Mas nem para o objetivo de compensar os efeitos da poluição o ISP é um imposto apropriado. O principal dano no ambiente da utilização do automóvel é a poluição local, nomeadamente os potenciais danos na saúde da poluição do ar e da poluição sonora (a questão da poluição atmosférica está coberta pela taxa de carbono que é uma ínfima parte do imposto total). É justo que quem causa estes danos aos outros, pague por eles, mas o ISP é uma péssima forma de o fazer.

O ISP é um imposto cego que recai sobre todo o combustível, seja ele usado nas grandes cidades ou em zonas pouco densas. A poluição dos automóveis tem efeitos substancialmente diferentes, dependendo onde o automóvel for usado. Quem faz 10 quilómetros no centro de uma grande cidade, frequentada por centenas de milhares de pessoas, incluindo crianças, causa muito mais dano do que quem faz 1000 quilómetros em autoestrada ou em zonas de baixa densidade populacional. No entanto, quem faz 1000 quilómetros em autoestrada paga 100 vezes mais ISP do que quem faz 10 quilómetros no centro de uma grande cidade.

A acrescer a isso, é também fora das grandes cidades que escasseiam alternativas de transporte. Fora das grandes cidades está-se a punir fiscalmente, usando o argumento ambiental, pessoas que simplesmente não têm alternativa ao uso do automóvel, pessoas para quem a alternativa a ir para o emprego de automóvel, é não ir para o emprego. O ISP é duplamente injusto: pune de igual forma utilizações de automóvel com custos ambientais substancialmente diferentes e atinge igualmente quem tem alternativas de transporte coletivo e quem não tem.

Mas a hipocrisia de quem defende o ISP como imposto ambiental não se fica por aqui, porque normalmente apoiam também forças políticas que defendem o controlo dos transportes coletivos pelos sindicatos. O, ainda, maior partido ambientalista português (“Os Verdes”) coliga-se há anos com um partido que instrumentaliza as empresas de transportes públicos para atingir os seus objetivos políticos. Ao fazê-lo, torna-os tão pouco confiáveis que muitos, mesmo nas grandes cidades, não abdicam da segurança do transporte próprio.

As questões ambientais não são uma preocupação menor. Mas não nos deixemos enganar: não são essas questões que fazem com que os impostos sobre os combustíveis sejam tão elevados. A grande preocupação é alimentar o Orçamento do Estado.

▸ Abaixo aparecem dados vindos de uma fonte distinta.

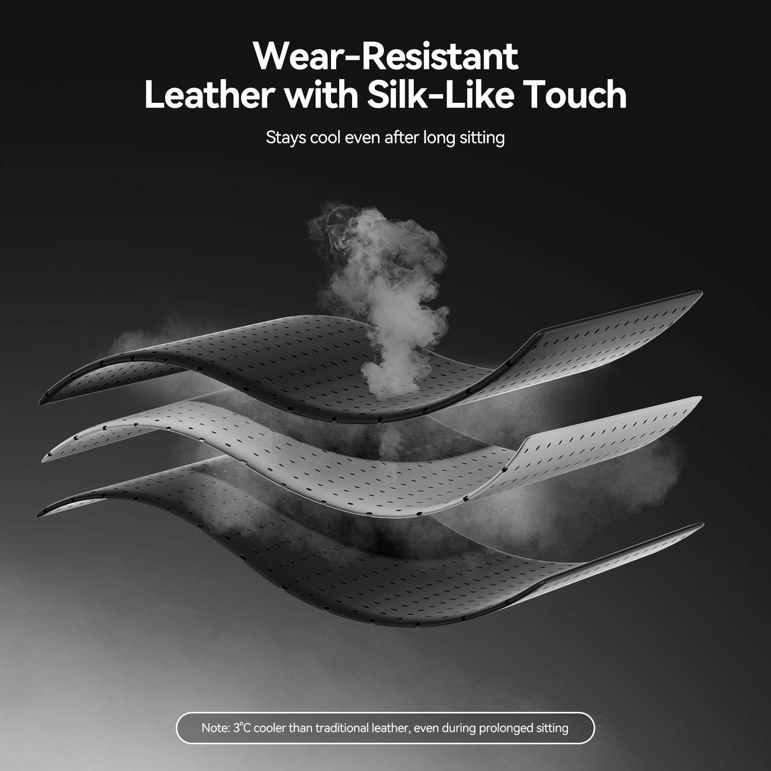 Ultimate Climate Comfort:Stay comfortable year-round with our advanced climate control system. Dual high-powered fans cool the seat to 66.2°F, keeping you dry and refreshed, while integrated graphite heating elements warm it up to 122°F for cozy relaxation. With a three-level adjustment, you can easily switch between cooling and heating modes to suit your needs—ensuring focus and comfort no matter the weather.Elastic Lumbar Massage:The lumbar support also includes a built-in massage feature with two high-frequency vibration motors to keep you relaxed and comfortable during long gaming or work sessions.Dynamic Tracking Lumbar Support:Achieve personalized support with our adaptive lumbar system, designed to move up, down, forward, and back to align with your spine perfectly. Ideal for users between 5'9" and 6'2", this lumbar cushion adjusts with a simple turn of the knob and provides ongoing support through its flexible design. Lock it into your preferred position with ease, ensuring long-term comfort during extended sessions.3D Erogonomic Neck Pillow:The newly designed fixed 3D headrest offers individual support adjustments on both sides, with a 60° angle of adjustment. It also provides orbital movement with 1.25 inches of forward and backward motion, along with 4 inches of vertical adjustment, delivering effective neck support for users between 5'3" and 6'4".360° Adjustable Armrests:Enjoy 360° rotation on the main shaft and 40° inward/outward adjustment on the secondary shaft. These armrests can be folded up by 20° and adjusted by 3.54 inches in height and 2.75 inches in depth, ensuring you find the perfect ergonomic position every time.

Os consecutivos ministros das finanças já perceberam que a esmagadora maioria das pessoas que usa automóvel não tem qualquer alternativa. Perceberam que, por muito que aumentem o imposto sobre os combustíveis, as pessoas continuam a ter que ir trabalhar e levar os filhos à escola, e que o continuarão a fazer mesmo que os combustíveis custem o dobro. Num país com as características de Portugal, o imposto sobre os combustíveis é uma fonte de receitas fácil para alimentar um Estado cada vez mais gordo. Para o decisor político baseado em Lisboa, para além de conseguir aumentar a receita fiscal, ainda é acaba por ser bem-visto pelo seu círculo social para quem as preocupações ambientais justificariam um imposto sempre mais elevado, independentemente do ponto inicial.

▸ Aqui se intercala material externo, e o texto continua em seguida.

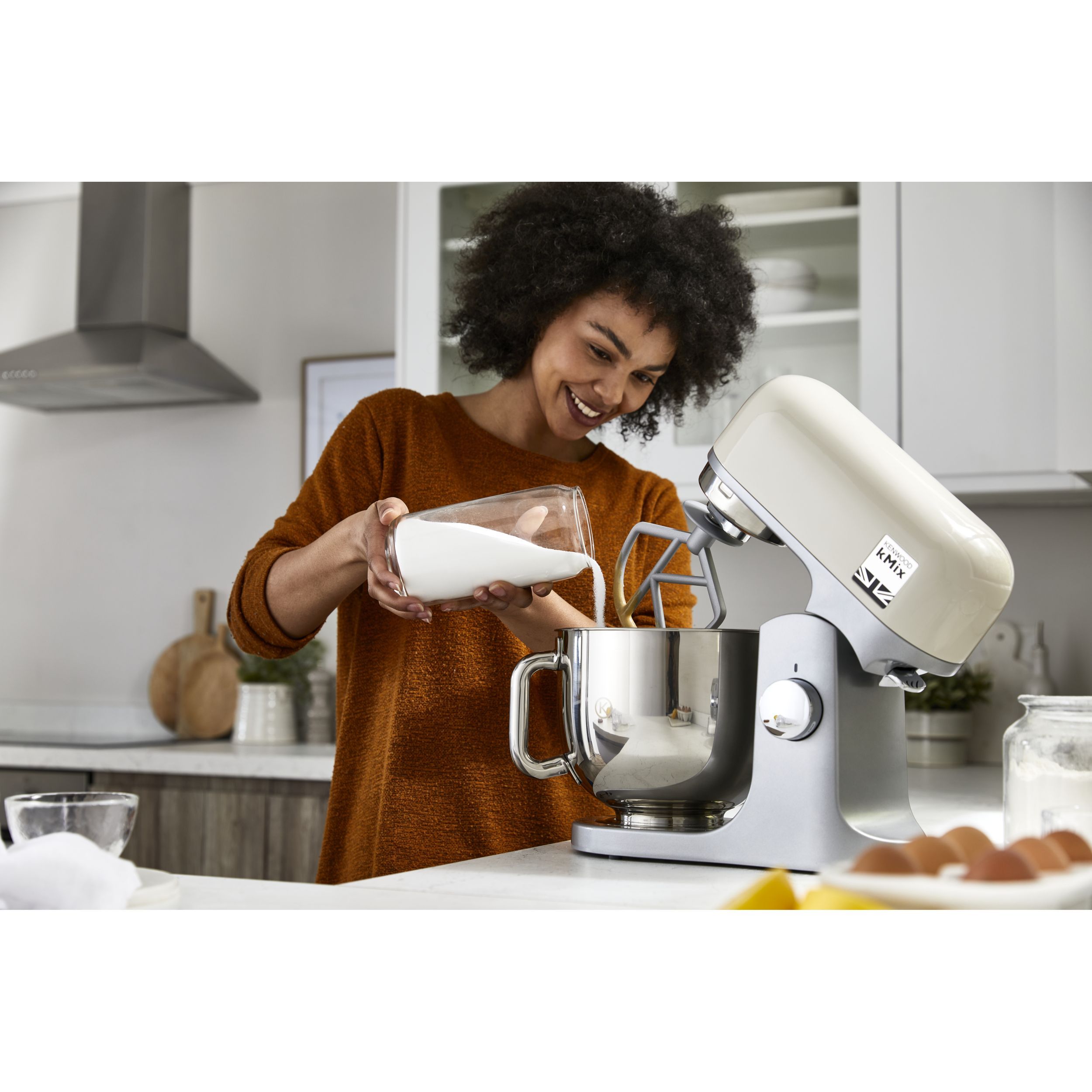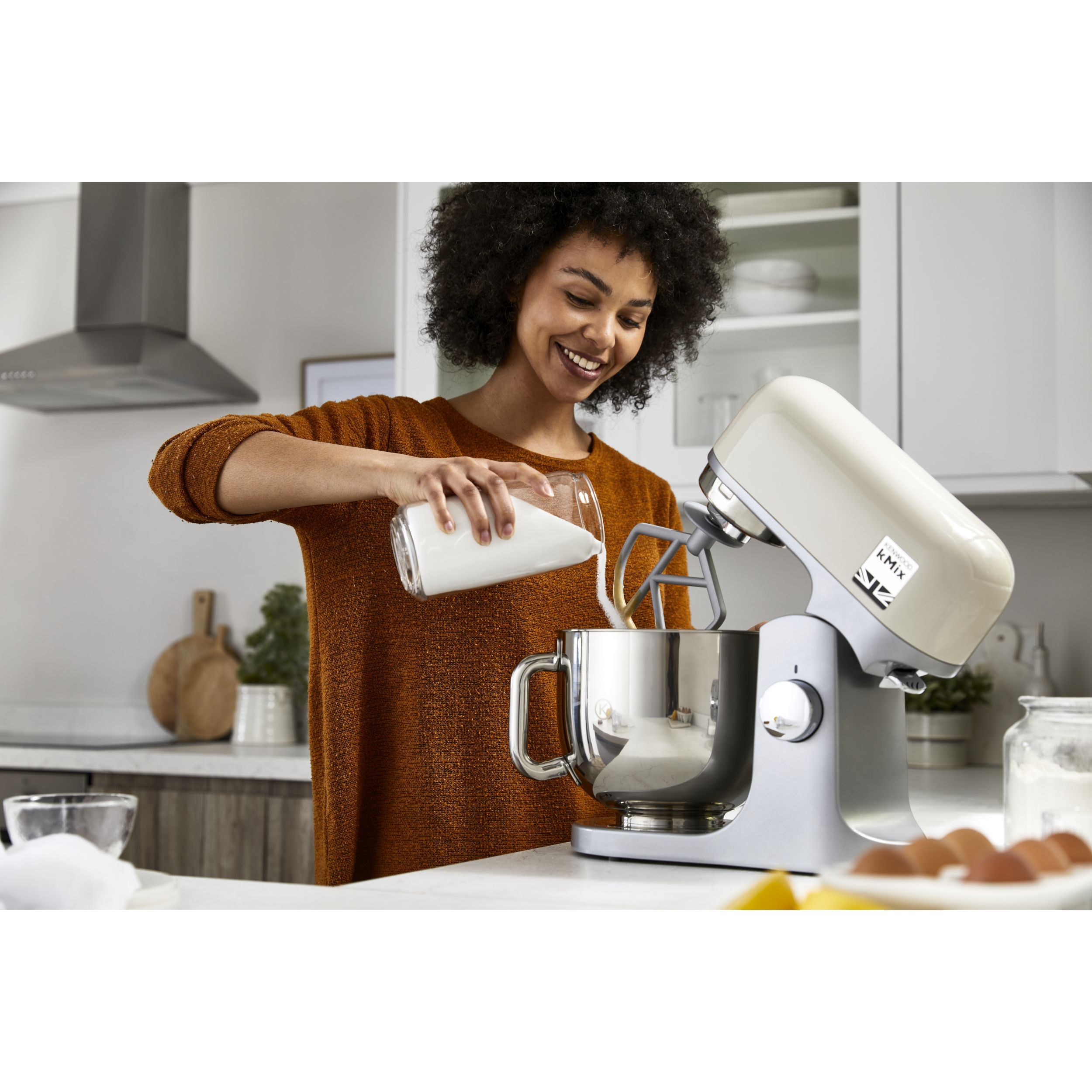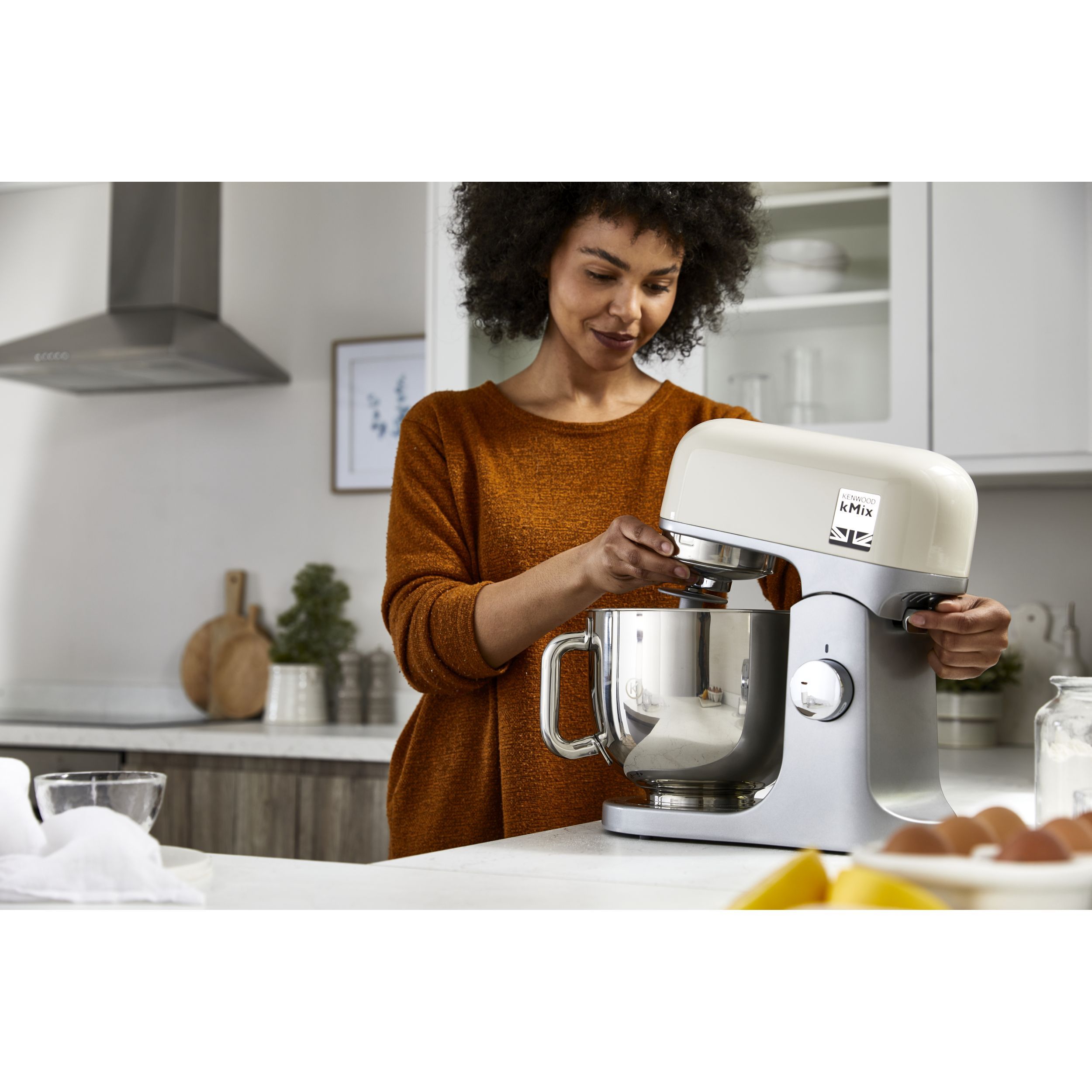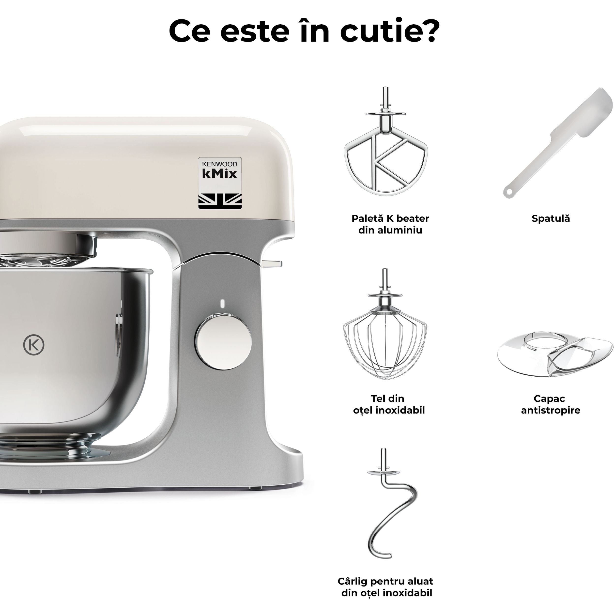 Robot de bucătărie planetar KENWOOD kMix KMX751ACR - 0W20011522, 1000W (6 trepte și Turbo), Vas inox 5l, Corp aluminiu turnat, Set patiserie (tel 16 brațe, cârlig, paletă K), G8.86kg, Calm Cream

Mas este abuso elitista e centralista um dia chegará ao fim. Em França esteve na origem do movimento dos coletes amarelos que eventualmente degenerou e acabou tomado por forças de extrema esquerda e direita. Em Portugal, o efeito no final do mês arrisca-se a criar a insatisfação que alimenta movimentos políticos mais radicais. Chegou a altura de os decisores políticos saírem fora da sua bolha centralista, acordarem para as necessidades do cidadão comum e repensarem a política fiscal de ambiente e mobilidade. Sob o risco de um dia já não terem qualquer controlo sobre ela.

Nota: Por opção própria, o autor não escreve segundo o novo acordo ortográfico.